Imagine a natural disaster such as flood water seeping into your home, destroying every bit of furniture, valuables, etc. everyone around you is worried how will you cope with such great expense and you simply answer you have your emergency fund to support you.
What Is An Emergency Fund?
A fund which you use only in extreme emergency such as financial shortfall when something unexpected happens. An emergency fund is a design to cover and support you when you really need it.
There is always a good way to plan for the future, having
An emergency fund helps you in short-term fall in your career where you have no job, it can cover you till you get your next job. The amount of emergency fund can start by adding small bills but eventually you build it to support yourself; when the actual emergency struck.
Why Do You Need An Emergency Fund?
The simple answer is not always credit card is an answer, the interest rate is high and payback is difficult. You might think borrowing is next good thing but you have to pay back that money too. Or even taking a high-interest loan won’t do the job because you are then just putting yourself in more debt.
These won’t work if you already are in debt or paying mortgage/insurance for your house and car. Hence, an emergency fund comes in handy and serves you well.
How Much Should Be Emergency Fund?
It can vary vastly on how much you make for a living and your day to day expense, depending on that an approximately three to six months of living cost should be covered by your emergency fund. You can start small but start building so that when an emergency hits you, you are well-prepared.
An emergency fund should always be separate from your bank account so that you aren’t tempted to use that money.
What Expenses Should An Emergency Fund Fulfil?
Unexpected hospital visits, huge auto repair, house repair such as plumbing, etc. where the amount is huge. An expected travel where there is a death in the family.
An emergency fund is basically used where your ability to earn is stopped or halted for a while. It is wise to save for the big emergency rather than keep swiping heavy debt credit cards.
What Expenses Should An Emergency Fund Not Cover?
A holiday, birthday gifts, festival shopping doesn’t cover as an emergency.
A new upgrade on TV, new car, your regular payments of mortgage and car insurance are not covered under emergency funds.
Also, much-needed vacation is not an emergency.
Everyone needs to save for unexpected. Having something of your own when you need especially when its money is a stress-reliever. You have to choose whether it is emergency or something that your regular saving can cover.
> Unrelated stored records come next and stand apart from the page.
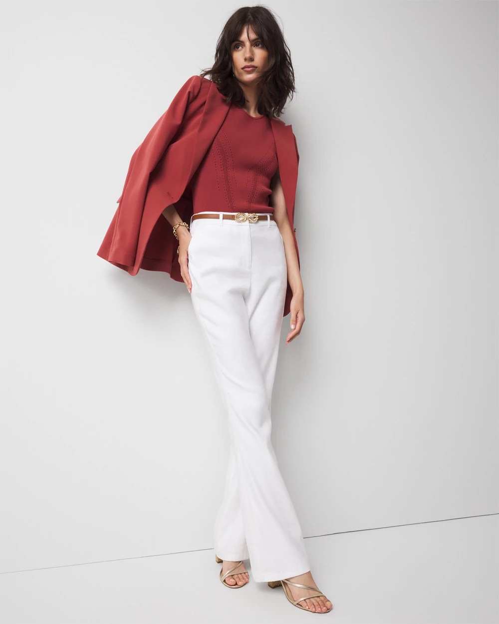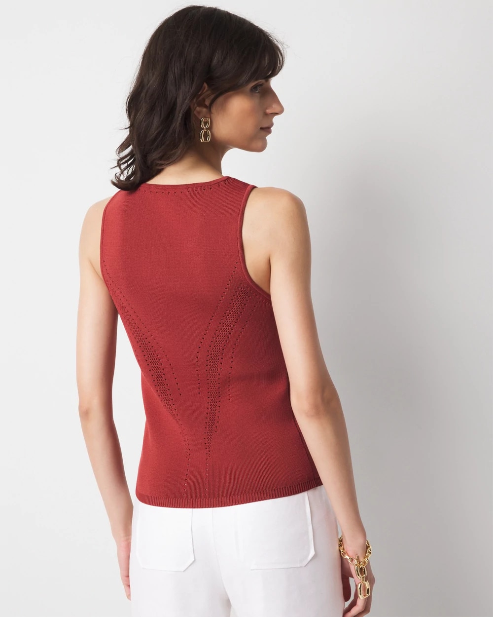Our WHBM FORME™ Sculpt Stretch sweater tank has variegated pointelle stitch details that flatters your shape as well as a ribbed bottom. Sculpt stretch fabric gives you an unparalleled fit that conforms closely to the body and lets you move comfortably. Wear under a jacket on cool days or under a blazer for the office.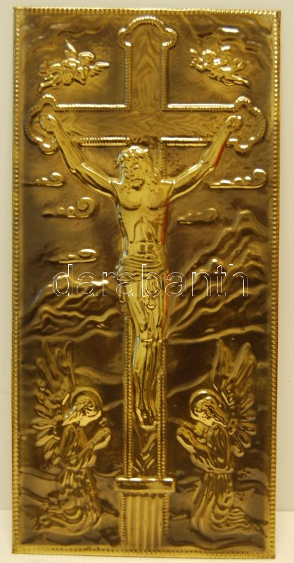 Beschreibung: Vallásos fém dombornyomat 26x50cm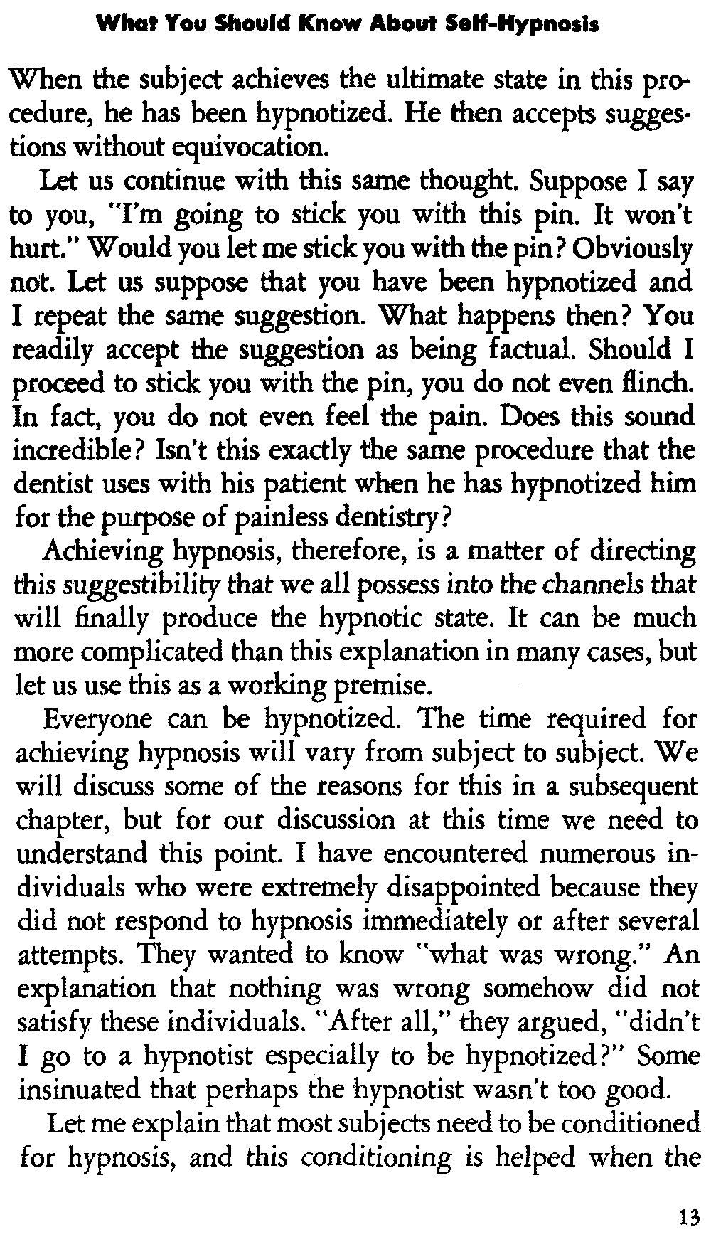 Let us continue with this same thought. Suppose I say to you, "I'm going to stick you with this pin. It won't hurt." Would you let me stick you with the pin? Obviously not. Let us suppose that you have been hypnotized and I repeat the same suggestion. What happens then? You readily accept the suggestion as being factual. Should I proceed to stick you with the pin, you do not even flinch. In fact, you do not even feel the pain. Does this sound incredible? Isn't this exactly the same procedure that the dentist uses with his patient when he has hypnotized him for the purpose of painless dentistry?
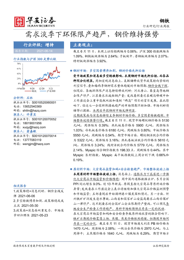 【华安证券】【20210614】需求淡季下环保限产趋严,钢价维持强势-25页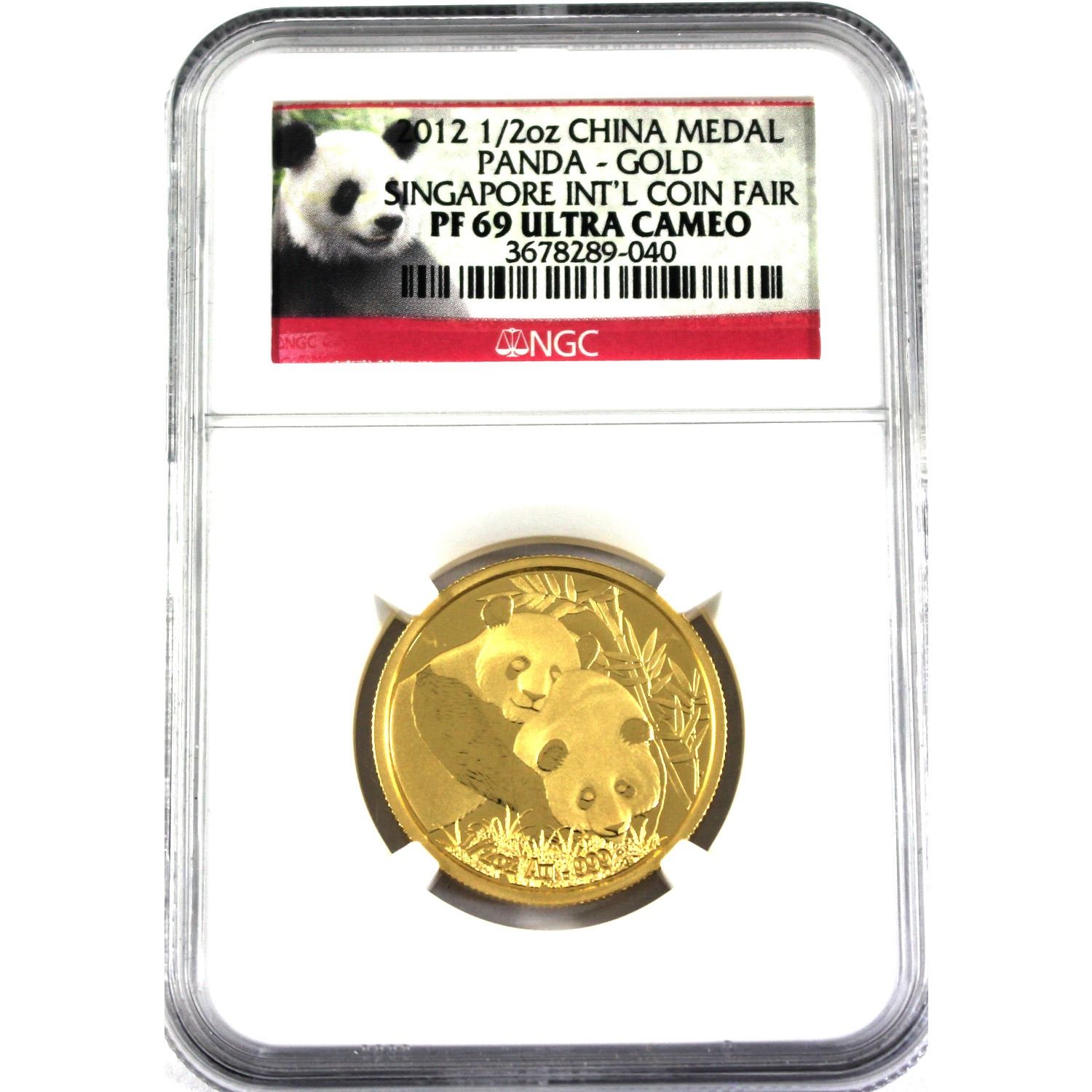 2012 1/2 Gold China Medal Panda- Singapore International Coin Fair. NGC Certified PF69 Ultra Cameo! (Tax Exempt)

How Do You Build Your Emergency Fund?
1.Set a goal
Yes, we know maintaining a saving account is what you have been doing but the emergency fund will help you through a tough time where you actually need it. Hospitals bills are huge, it is better to get prepared before the calamity occurs.
2. Use your tax returns
You have earned this with your blood and sweat, why not keep long-term savings i.e. emergency fund.
3. Cut expenses
Well, every article about how to save money will emphasize how everyday small expenses add up to huge credit cards bills. Consider making coffee at home and making more meals at home are some small things you can do to cut expenses.
4. Use your hobby
If you are good at something, never do it for free. If you think you can paint, put up an exhibition and that money can serve you well since it is an added income with your regular job.
5. Loose change
If you happen to get return money as loose change, put loose change in your piggy bank or a jar. It may sound weird that how small currency notes can help build an emergency fund but it is good to start somewhere and you will see how quickly the jar fills.